Quelques heures plus tard, le rapport de l’Assemblée nationale (AN) concernant les frais de bouche de l’ancien président de l’AN à l’hôtel de Lassay le disculpait tout autant de la moindre infraction. Le secrétaire général de l’Assemblée Michel Moreau affirme : « Il apparaît que M. François de Rugy n’a enfreint, directement ou indirectement, aucune règle et n’a commis aucune irrégularité. » Le législateur rappelle que de Rugy, compte tenu de sa fonction de l’époque, « a la faculté de convier librement les personnes de son choix à des réunions ou à des dîners » et qu’il est « d’usage constant » que lui et sa famille proche « puissent prendre sur place des repas simples ». Il est ajouté que « le niveau des prestations culinaires servies était conforme aux normes habituelles, aucun produit de luxe n’était utilisé ».
Sur les douze dîners recensés entre le 19 septembre 2017 et le 19 juin 2018, trois posent toutefois problème pour le secrétaire général de l’AN. Un repas de Noël en premier lieu, dont « le menu festif dérogeait au niveau habituel des prestations d’un dîner de famille à l’hôtel de Lassay ». Un autre, lors de la Saint-Valentin, le 14 février, où « le niveau des prestations » était « manifestement excessif par rapport à la pratique courante des repas privés ». Enfin un troisième, avec quatre invités sans thème de discussion particulier.
“Contrôle de mascarade”
Mediapart n’a pas attendu le passage de l’ancien ministre au 20 H de France 2 pour remettre en cause ces rapports, notamment celui de l’AN. Comme l’écrit le pure player, « le manque d’indépendance de son auteur, ancien subordonné de l’intéressé, oblige à qualifier ce ‘contrôle de mascarade’”. « Si l’Assemblée avait voulu démontrer son incapacité à examiner et traiter en profondeur les fautes commises par les siens, elle ne s’y serait pas prise autrement, poursuit le média. ‘On a chargé un collaborateur de savoir si le patron avait fauté’, résume le député Charles de Courson (Les Centristes), ancien magistrat de la Cour des comptes, devenu l’une des vigies les plus affûtées de l’Assemblée. ‘C’est ni fait ni à faire.’«
Dans deux nouveaux articles (ici et là), le site d’investigation remet en cause les comptes rendus des enquêtes officielles, en publiant de nouveaux clichés venant contredire l’idée de dîners professionnels (on peut voir des adolescents à table). Quant aux travaux menés dans l’appartement de fonction du ministère de la Transition écologique, le site écrit que « l’enquête administrative (…) estime que les règles de la commande publique ont été respectées, mais confirme le coût trop élevé de certaines prestations, dont le dressing à 17 000 euros. »
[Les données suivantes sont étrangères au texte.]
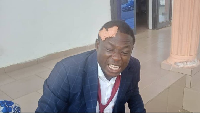 The evicted members for their part, said the ousting was a move to stifle their voices and favour the incumbent. All these added heat at the election venue to the issue of eligible voters. In a separate video pictured at the hospital ward, the victim Ikome Charles is seen with a plastered face. He explained that, not only was he hit but his phone was destroyed beyond repair as he showed what remained of the device.

L’avocat de François de Rugy, qui n’a pas donné suite aux questions de Mediapart, est intervenu mercredi 24 juillet sur franceinfo, confirmant qu’une plainte pour « diffamation » contre le pure player a été déposée. Me Pierre-Olivier Sur a réaffirmé que son client n’avait commis « aucune faute dans la globalité ».
“Un rapprochement bancaire”
Concernant l’affaire des révélations sur l’utilisation de l’indemnisation représentative de frais de mandat, il la justifie de façon évasive : « C’est très simple. Il est allé voir sa banque. Pour cela, il a fallu qu’il retourne à Nantes. Et il s’est aperçu avec son banquier qu’un tiers des frais qu’il a réglés à son parti avait été pris en charge par son indemnité de représentation. Cela n’était d’ailleurs pas formellement défendu à l’époque, en 2013 et 2014. Et dans les mois qui ont suivi, cet argent a été immédiatement remboursé par son compte personnel. Il a donc fallu effectuer un rapprochement bancaire. Cela montre qu’il n’y a pas de sujet, que François de Rugy est absolument honnête et droit et qu’on ne peut rien lui reprocher sur ce sujet-là. »
Espérons donc que François de Rugy soit plus rigoureux au moment de rembourser les trois dîners épinglés par l’Assemblée nationale. En conclusion de son passage sur France 2, mardi soir, l’ancien candidat à la primaire socialiste a expliqué qu’il ne regrettait pas son départ. « A un moment donné, je n’étais plus en mesure de me défendre », a-t-il avancé.
Interrogée par Franceinfo, Marine Turchi, journaliste à Mediapart a réagi à l’intervention de de Rugy : « Ce ne sont pas nos révélations qui ruinent la République, mais les pratiques qu’elles dévoilent. Aujourd’hui le problème, au-delà de François de Rugy, c’est le contrôle et l’encadrement de toutes ces dépenses, notamment les travaux dans les logements de fonction des ministres. Il n’y avait aucune règle, d’où les abus. »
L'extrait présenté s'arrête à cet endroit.